My Lords, in this case the respondent obtained a verdict for 600l. in an action of libel tried before Cave J. and a special jury at Leeds. The respondent is a solicitor, and has been for some years vice-chairman of the council of the Yorkshire College. He has manifested his interest in the work of the college by large pecuniary contributions. Either alone or in conjunction with his partner he has acted as solicitor to the college since its incorporation nearly twenty years ago. Prior to 1878, in which year he entered into partnership with another solicitor, he made a present of his time and labour to the college. After entering into partnership he considered that he was not at liberty to do so. He informed the college of this, and bills of costs were afterwards delivered to and charged against the college in the usual way. The total amount of the profit received by the respondent on these bills of costs, which covered the period from 1879 to 1893, was 103l. 10s. His annual subscriptions to the college during the same period considerably exceeded that amount.

The libel complained of was a copy of a letter addressed to the respondent, which was sent to more than 300 of the governors of the college and to some other persons. The letter commenced by stating that the respondent, whilst holding the fiduciary position of vice-chairman of the college, had been illegally and improperly, as he knew, making profit as its paid solicitor. On this were founded some comments which a jury would be, to say the least, justified in regarding as gravely libellous.
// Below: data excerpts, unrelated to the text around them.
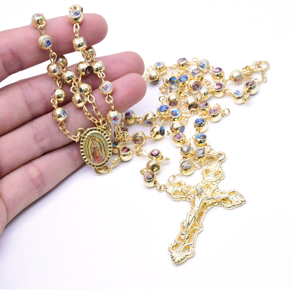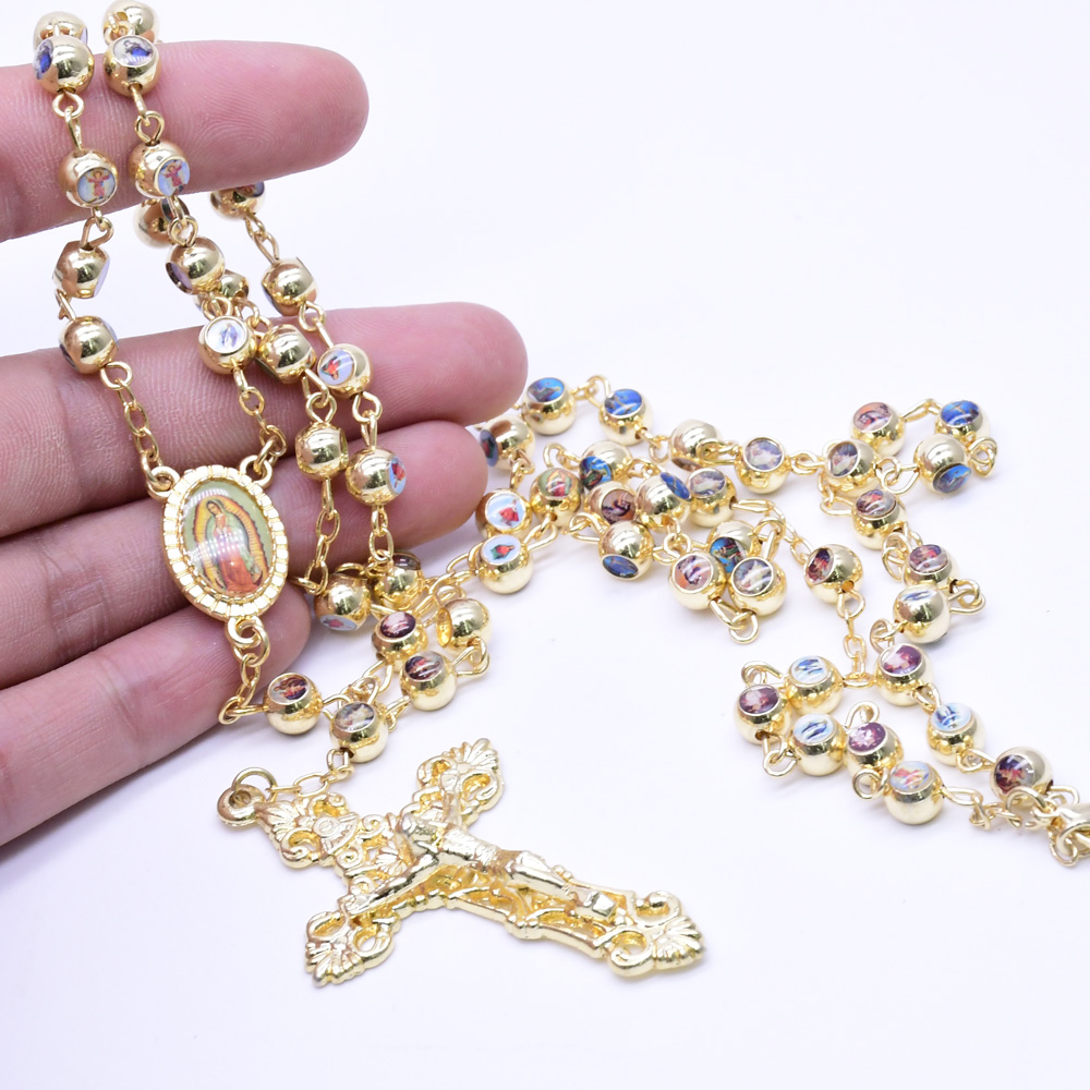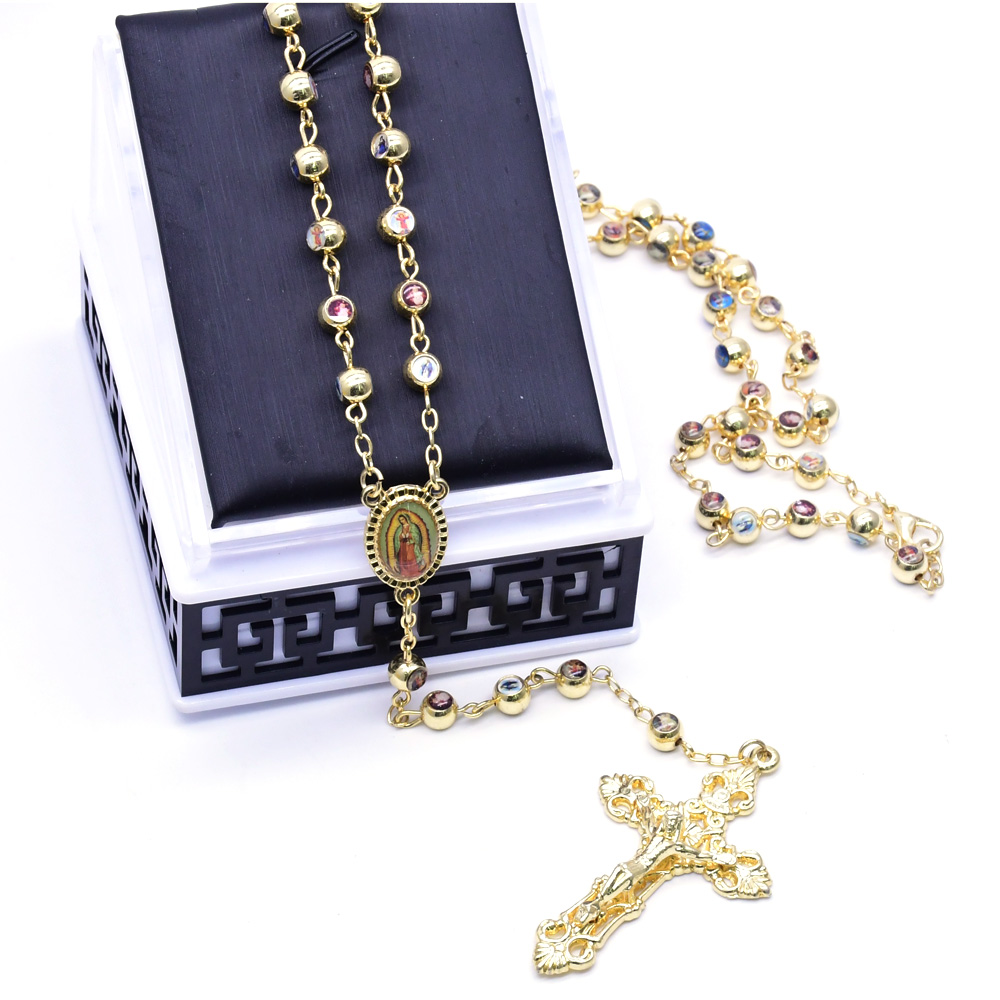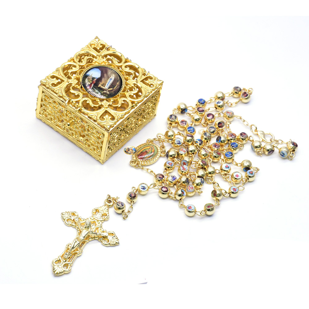 訂做500條起 真金電鍍念珠金屬盒裝高檔禮品十字架項鏈6mm圣像貼紙念珠祈禱珠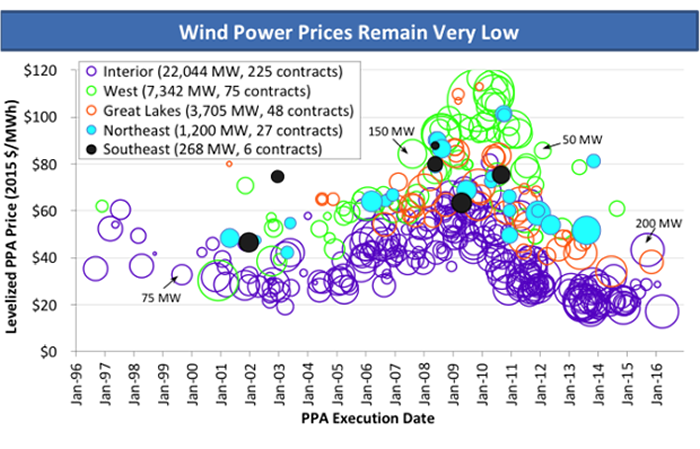 “Wind energy prices—particularly in the central United States—are at rock-bottom levels, with utilities and corporate buyers selecting wind as the low-cost option,” said Berkeley Lab Senior Scientist Ryan Wiser. “Moreover, enabled by technology advancements, wind projects are economically viable in a growing number of locations throughout the United States.”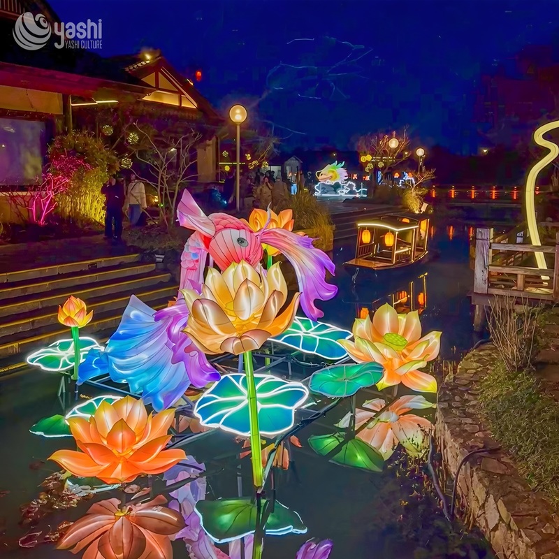 This is an exquisite koi fish-themed lantern installation, a symbol of good fortune and prosperity in Asian culture. The vivid pink-and-purple koi, with its flowing, gradient fins, is surrounded by vibrant lotus flowers and leaves, all meticulously handcrafted. When lit, it radiates a soft, enchanting glow, perfect for water features, gardens, and cultural festivals. Ideal for businesses aiming to attract customers or venues seeking to infuse an air of elegance and auspiciousness, this lantern not only serves as a stunning visual centerpiece but also tells a story of traditional artistry, making it a unique addition to any outdoor or aquatic space.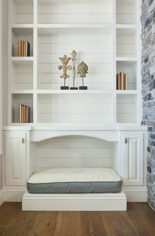 The dog bed itself is elevated and adorned with a plush cushion, offering a comfortable and luxurious resting place for the family pet. Above the bed, open shelves provide space for decorative items or pet accessories, enhancing the overall aesthetic.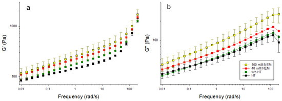 G″ (Figure 4b) also increases linearly in the double-log plot for all samples up to 100 rad/s. The untreated gel and the heat-treated gel without NEM show almost identical behaviors, while the gels with NEM again (40 mM and 100 mM) show higher G″ values. The highest G″ values are observed in the gel with 100 mM NEM.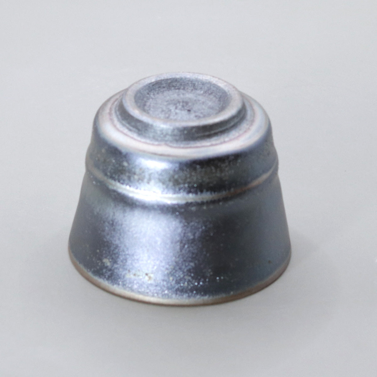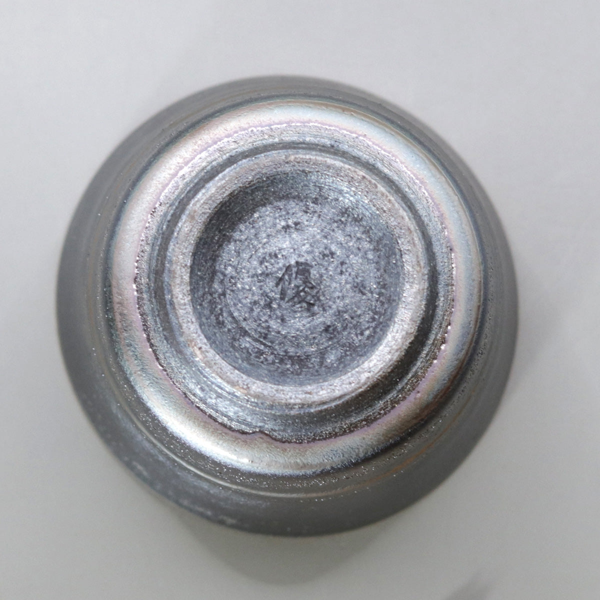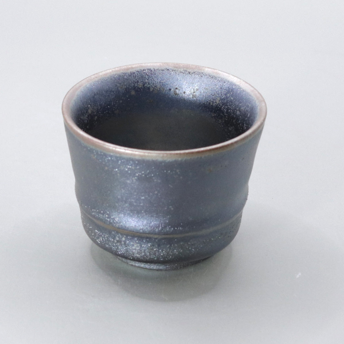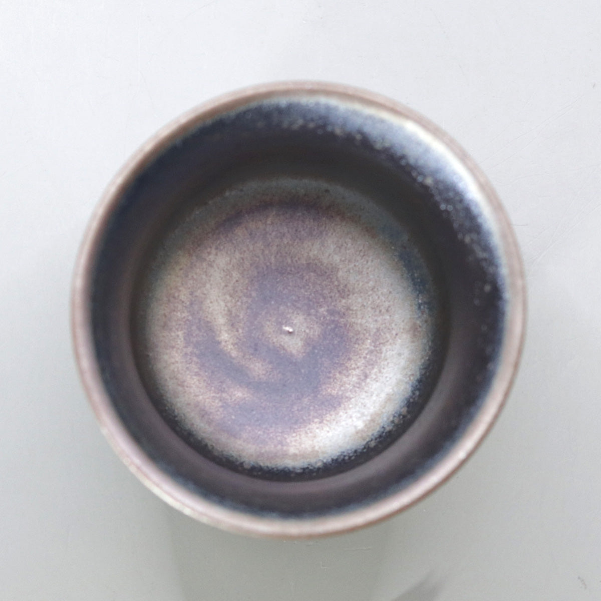 本作は、京都・宇治炭山に窯を構え、黒釉と窯変表現の研究で名高い岡田優様が手掛けられた天目釉酒盃です。ストレートな円筒形を基調にしながら、腰部でわずかに括れを設け、下部へ向かって穏やかに膨らむフォルムが特徴的です。渋い藍鋼色(らんこうしょく)の天目釉に無数の微細な油滴結晶が散り、静かな夜空を思わせる深みと輝きを宿しています。口縁には緋襷(ひだすき)のような紫褐色が滲み、黒釉の闇に温かな余韻を添えています。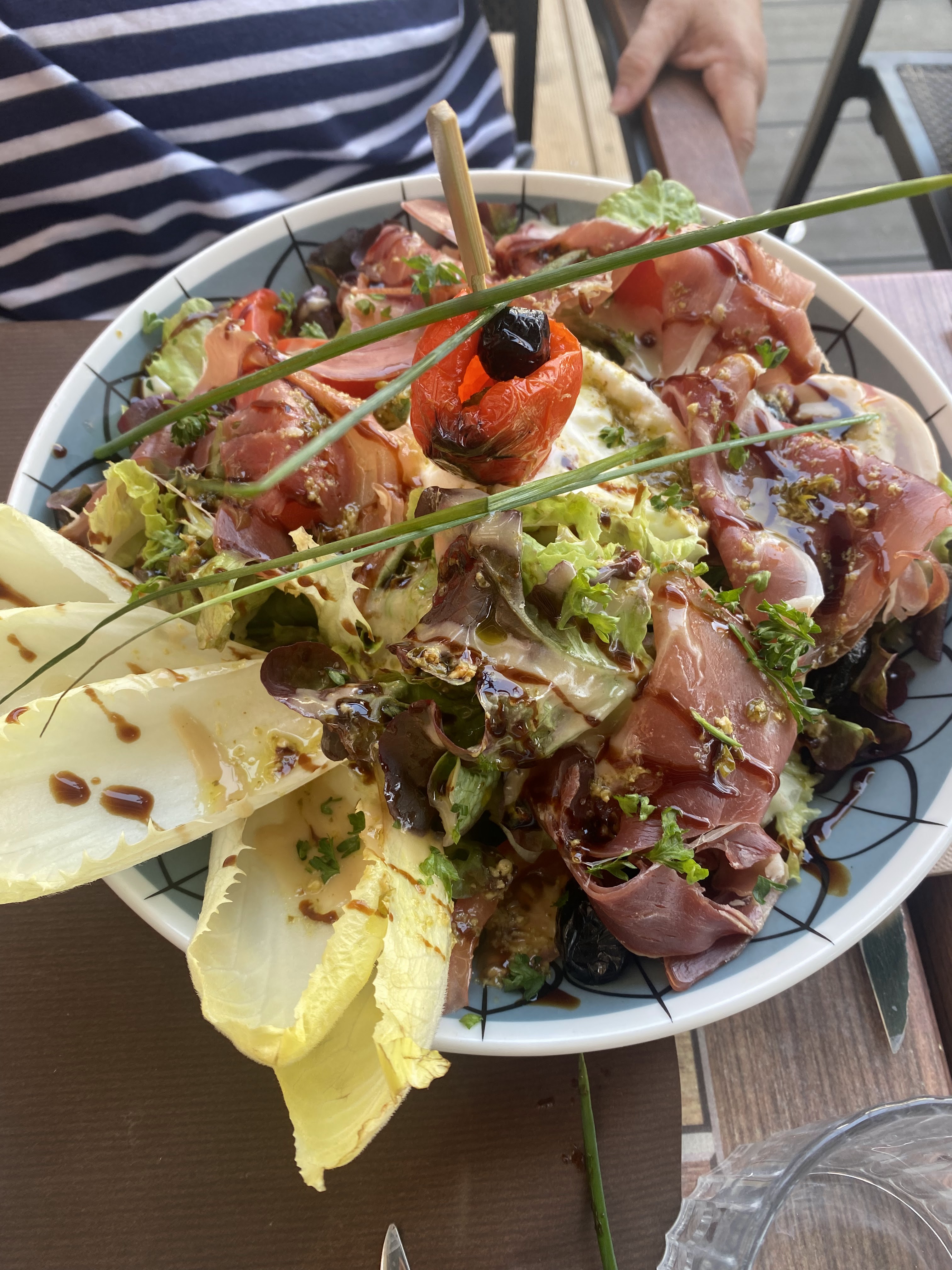 Nous avons eu l'impression d'avoir été oublié sur notre terrasse Nous avons dû demander 3 fois de l'eau. Pas de pain. Longue attente. Proscetto éventé .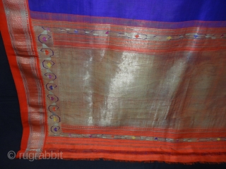 Paithani Sari, It’s an silk and zari weave sari, Its named after the Paithan town in Aurangabad Maharashtra state of India. Where they are woven by hand. Made from very fine silk, It’s in very big size sari, its size is 126cmX764cm(DSC01828 New).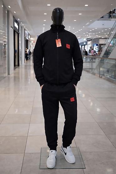Muške trenerke – komplet gornji deo i donji deo sa rajsferšlusom i elastičnim strukom. Modeli sa modernim logotipovima (Hugo, Polo Ralph Lauren, EA7, Jordan), crna ili kombinacija crvene jakne i crnih pantalona.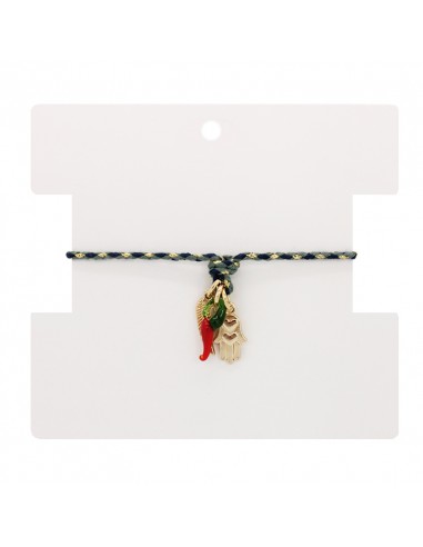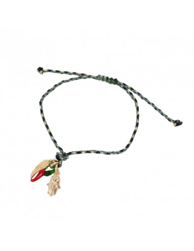 Pulsera de hilo con cierre en macramé, ají de cerámica y dijes exclusivos dorados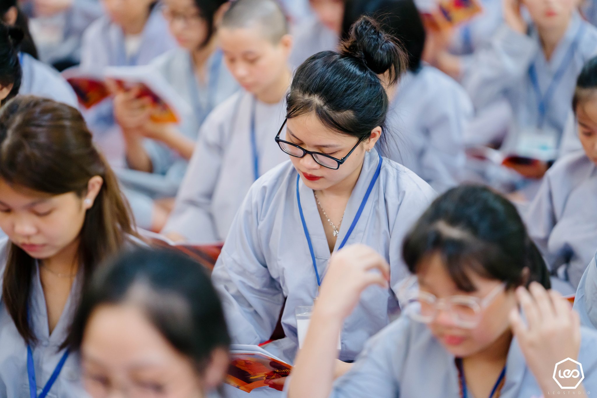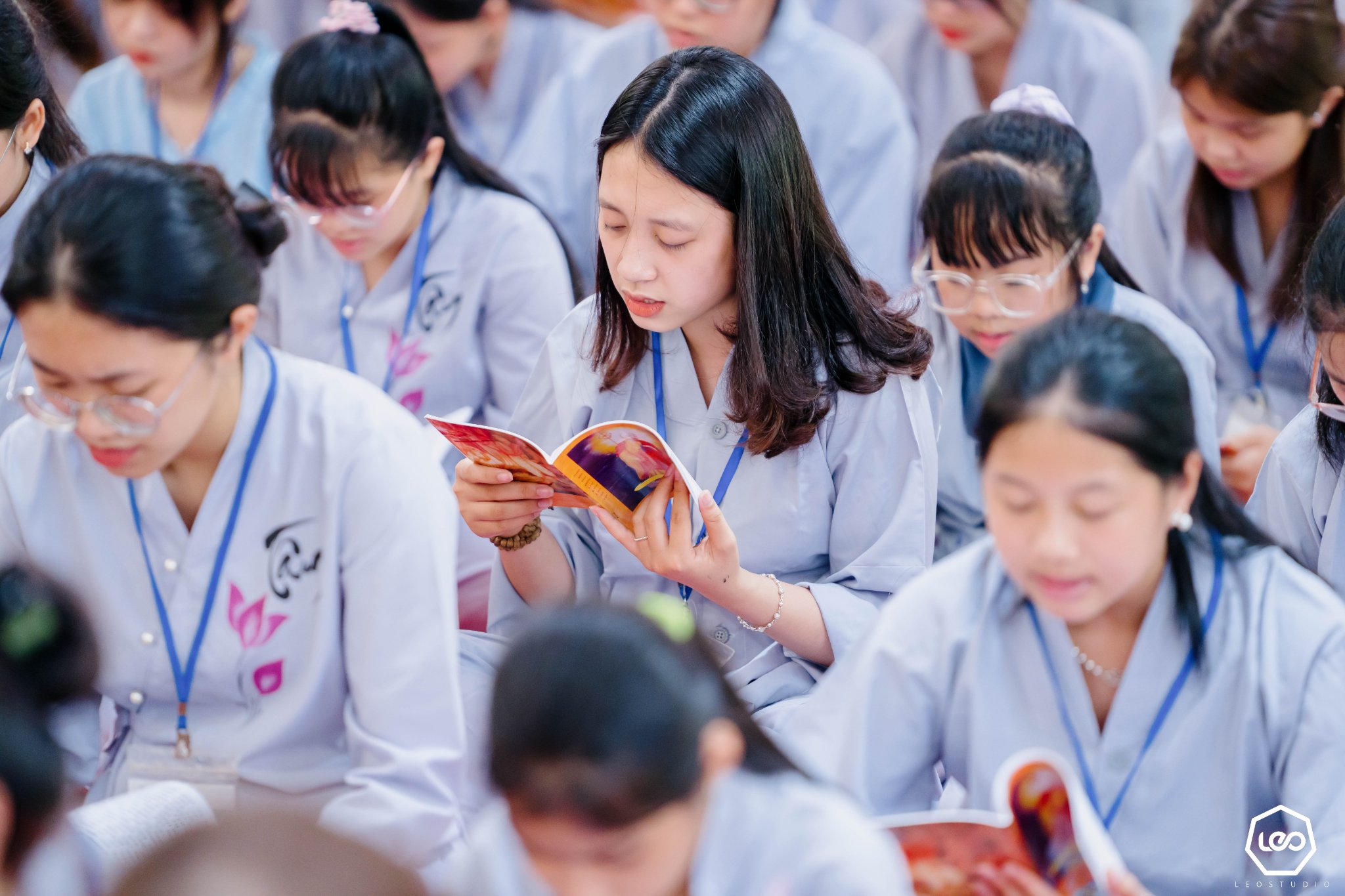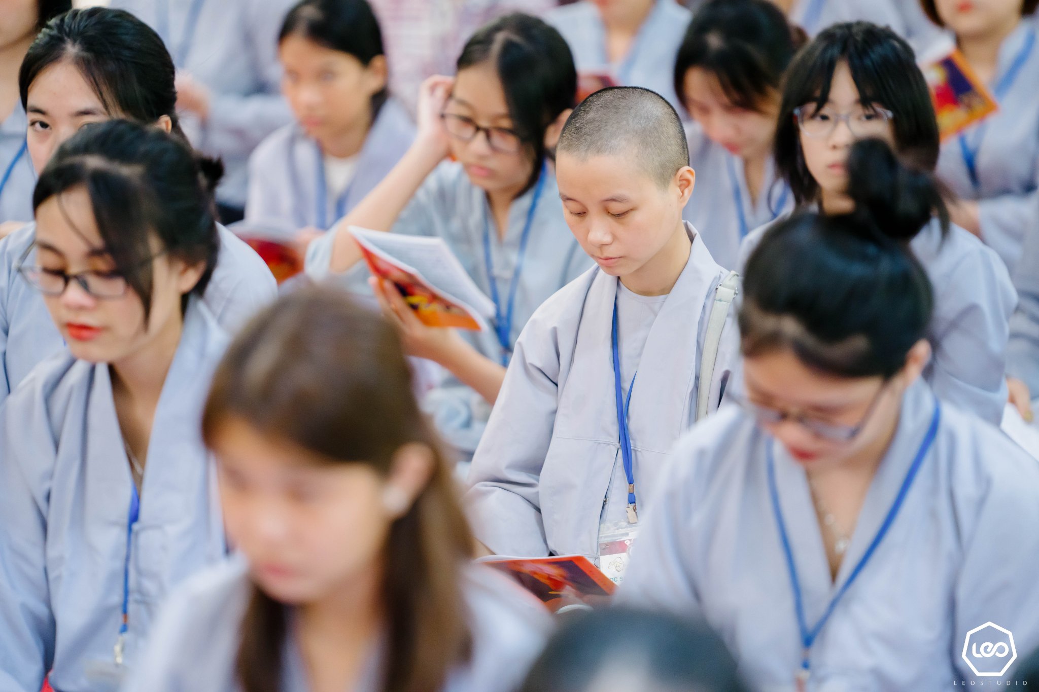 Chư tôn đức hướng dẫn các khóa sinh tụng kinh Vu Lan Báo Hiếu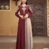 Vardan Designer Sara Vol-1 Heavy Muslin Wholesale Gown Catalog of 4 Pcs. We deal in Kurtis, Sarees, Dresses Materials, Leggings, and Designer Salwar Kameez.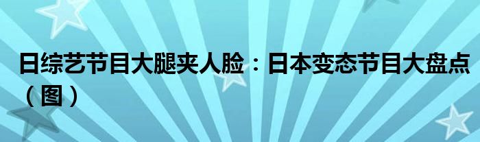 大家好.我是车市网的小编楠楠小洋,现在为大家解决以上日综艺节目大腿夹人脸:日本变态节目大盘点(图)的问题.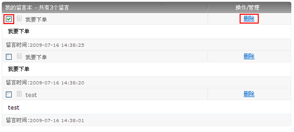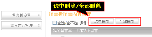 单独删除——选要删除留言前的“勾选框”,然后点击删除就可以删除留言。批量删除——勾选多个留言,点击上面的“选中删除”可以进行批量删除。

At the trial it was contended that the respondent was, by virtue of the fourth clause of the college's memorandum of association, entitled to receive remuneration for his services, notwithstanding the position he held as vice-chairman of the council. The learned judge adopted this view, and so directed the jury. The Court of Appeal have held that this was erroneous, and I agree with them. I do not think the words relied on have the effect contended for. It is not now in controversy that if this be so the respondent was not warranted in making a charge for his professional services. It is an inflexible rule of a Court of Equity that a person in a fiduciary position, such as the respondent's, is not, unless otherwise expressly provided, entitled to make a profit; he is not allowed to put himself in a position where his interest and duty conflict. It does not appear to me that this rule is, as has been said, founded upon principles of morality. I regard it rather as based on the consideration that, human nature being what it is, there is danger, in such circumstances, of the person holding a fiduciary position being swayed by interest rather than by duty, and thus prejudicing those whom he was bound to protect. It has, therefore, been deemed expedient to lay down this positive rule. But I am satisfied that it might be departed from in many cases, without any breach of morality, without any wrong being inflicted, and without any consciousness of wrong-doing. Indeed, it is obvious that it might sometimes be to the advantage of the beneficiaries that their trustee should act for them professionally rather than a stranger, even though the trustee were paid for his services. It is clear, however, that the learned judge misdirected the jury, and that, as the misdirection cannot be said to have been on a point wholly immaterial, the appellant would have been entitled, prior to the Judicature Act, to a new trial as of right.

Order XXXIX r 6 provides that a new trial shall not be granted on the ground of misdirection, unless, in the opinion of the Court, some substantial wrong or miscarriage has been thereby occasioned in the trial. The Court of Appeal came to the conclusion that there had been no such wrong or miscarriage in the present case. They thought, as I understand, that the nature of the libel was such that the jury would have been entitled to give, and would probably have given, the same verdict, even if the direction of the learned judge had been the other way. If I had thought that the enactment relied on sanctioned dealing with the case in this way, I am far from saying that I should have differed from the conclusion at which they arrived. But I have come, with some reluctance, I own, to the conclusion that it does not.

The provision is, in my opinion, a very beneficial one, and I should be sorry to say anything to narrow its scope further than the language employed seems to me to render necessary. In cases in which the question is what are the facts, or the proper inferences to be drawn from the facts, if the Court think that the verdict of the jury is in accordance with the true view of the facts and of the inferences to be drawn from them, it may be that they would have done right in refusing to grant a new trial on the ground of misdirection, even where the parties had a right to claim that the action should be tried by a jury. But in the case of an action for libel, not only have the parties a right to trial by jury, but the assessment of damages is peculiarly within the province of that tribunal. The damages cannot be measured by any standard known to the law; they must be determined by a consideration of all the circumstances of the case, viewed in the light of the law applicable to them. The latitude is very wide. It would often be impossible to say that the verdict was a wrong one, whether the damages were assessed at 500l. or 1000l. Where, then, the judge so directs the jury as to lead them to take an erroneous view of any material part of the alleged libel, and this view may have affected their minds in considering what damages they should award, I think there has been a substantial miscarriage within the meaning of the rule. The Court may think, as I might think in the case before your Lordships, that the jury would have given the same damages if the law had been correctly expounded; but this is a mere matter of speculation: it cannot be asserted with the least certainty that they would have done so. The jury have returned their verdict on what they were erroneously led to think was the case, and not on the real case which the defendant was entitled to have submitted to them.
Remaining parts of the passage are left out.